Over in PR51321, I mentioned that I could delete the whole transform and not see any test changes. That's because SimplifyDemandedBits does the same transform. But it has a similar problem - it only catches the case where it processes the shift before it sees the add. So it misses the same commuted pattern.
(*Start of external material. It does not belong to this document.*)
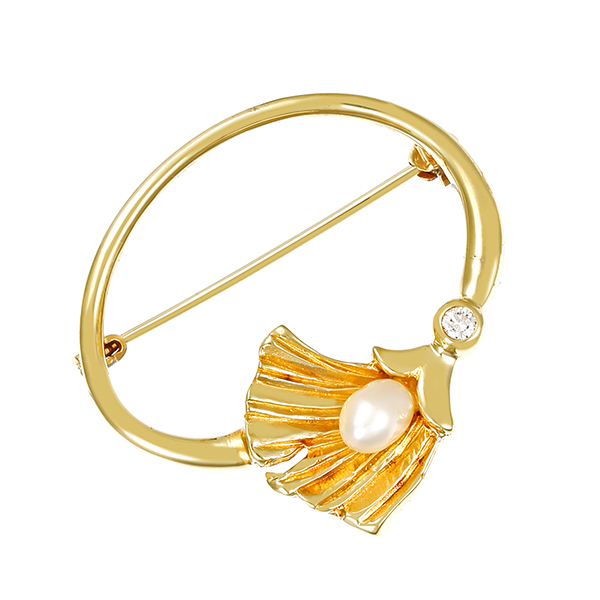 Brosche, 14K, Gelbgold, Perle, Brillant, Ginkgo

I'm not sure how we'd fix that in DemandedBits; it seems like a generic ordering problem for commutative ops.
So this transform has at least 3 problems (assuming we want to keep it instead of enhancing DemandedBits):
- It miscompiles the multi-use case because it is coded weirdly and missed a constraint.
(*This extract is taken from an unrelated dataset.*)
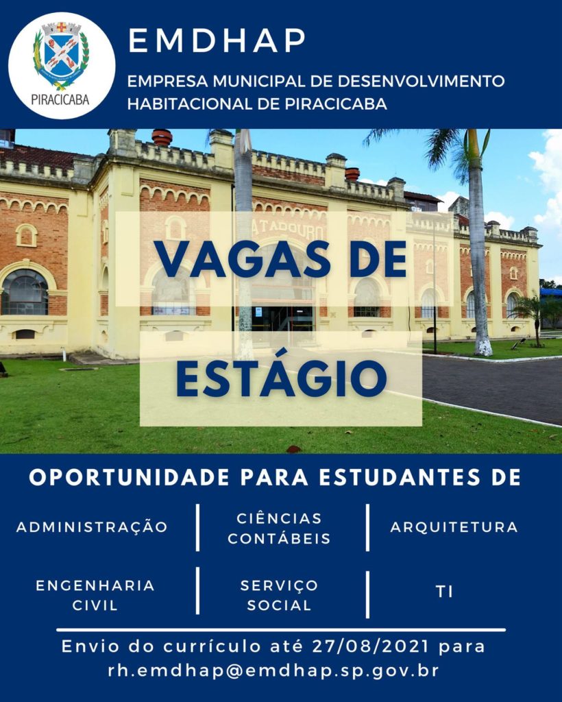 A Empresa Municipal de Desenvolvimento Habitacional de Piracicaba (Emdhap) está com inscrições abertas do programa de estágio 2021/2022, para estudantes do ensino superior nos cursos de:

- It misses the commuted case.
- It misses what is likely profitable for all targets by overspecifying the legality constraints.
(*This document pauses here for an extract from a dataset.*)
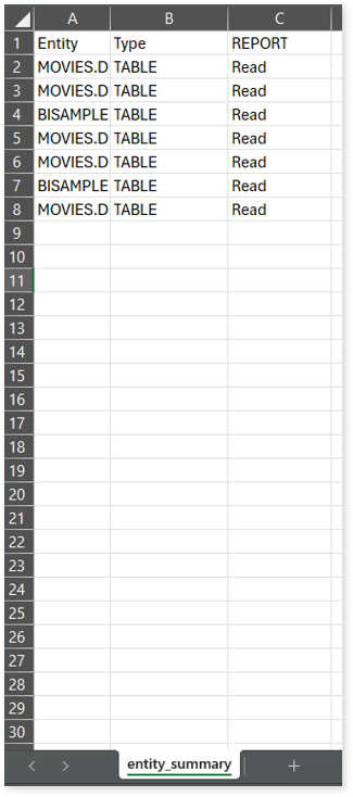 entity_summary.csv: This report provides a list of entities from uploaded source files, indicating where they appear (e.g., reports) and the operations performed on them—Read, Write, or ReadWrite.

this patch is expected to fix the runtime bug, and more cases to be optimized can be consider in another issue :)
When we use w8 replace the w1 , then the following two fragment codes is not equal.
so if the SimplifyDemandedBits does the same transform, a patch can be land separate to fix this firstly to avoid the runtime bug ?
sub w8, w0, #1 and w0, w8, w8, lsr #16
vs.
mov w8, #65535 add w8, w0, w8 and w0, w8, w8, lsr #16
llvm/test/CodeGen/AArch64/arm64-srl-and.ll | ||
---|---|---|
2 | thanks, done |
Please can you regenerate the diff with context
llvm/test/CodeGen/AArch64/arm64-srl-and.ll | ||
---|---|---|
7 | do you need all the dso_local/noundef/local_unnamed_addr attributes? |
Please,
- either add a comment explaining why the one-use check needed
- or rewrite the transform the right way, so that the lack of one-use check shows up as extra instruction bloat and not a miscompilation
Since there's a visible miscompile, I'm ok with the quick/small fix since that will be an easy backport for the 13.0 release. But I agree that there should be a FIXME comment on this transform; it is clearly not ideal.
ok, I'll add a comment as compare between current change and rewritting the transform , current change has more effective code (less inst) .
the following code is with rewritting the transform in your comment.
adrp x8, :got:g ldr x8, [x8, :got_lo12:g] mov w9, #50 mov w10, #65535 ldrh w8, [x8] eor w9, w8, w9 add w9, w9, w10 sub w8, w8, #1 and w0, w8, w9, lsr #16 ret
llvm/test/CodeGen/AArch64/arm64-srl-and.ll | ||
---|---|---|
7 | yes, they are not essential, and i'll delete them later |
llvm/test/CodeGen/AArch64/arm64-srl-and.ll | ||
---|---|---|
4 | Please rephrase this and actually explain the "dagcombine" you're referring to in the comment |
llvm/test/CodeGen/AArch64/arm64-srl-and.ll | ||
---|---|---|
1 | Please precommit this test before landing the fix |
llvm/lib/CodeGen/SelectionDAG/DAGCombiner.cpp | ||
---|---|---|
5152–5156 | How can this FIXME ever be addressed, given that there already is an one-use check? |
Reverse ping @Allen
I'm not sure if we have already missed the deadline for 13.0, but we really should fix this miscompile. Someone can commandeer the patch if you can't work on it (just need to fix the comments?).
Same minimal fix (hopefully can still make the release branch), but updated the code and test comments
N0->hasOneUse() would probably be better, to check the Node has one use not the SDValue. (Although here it likely won't make much difference.)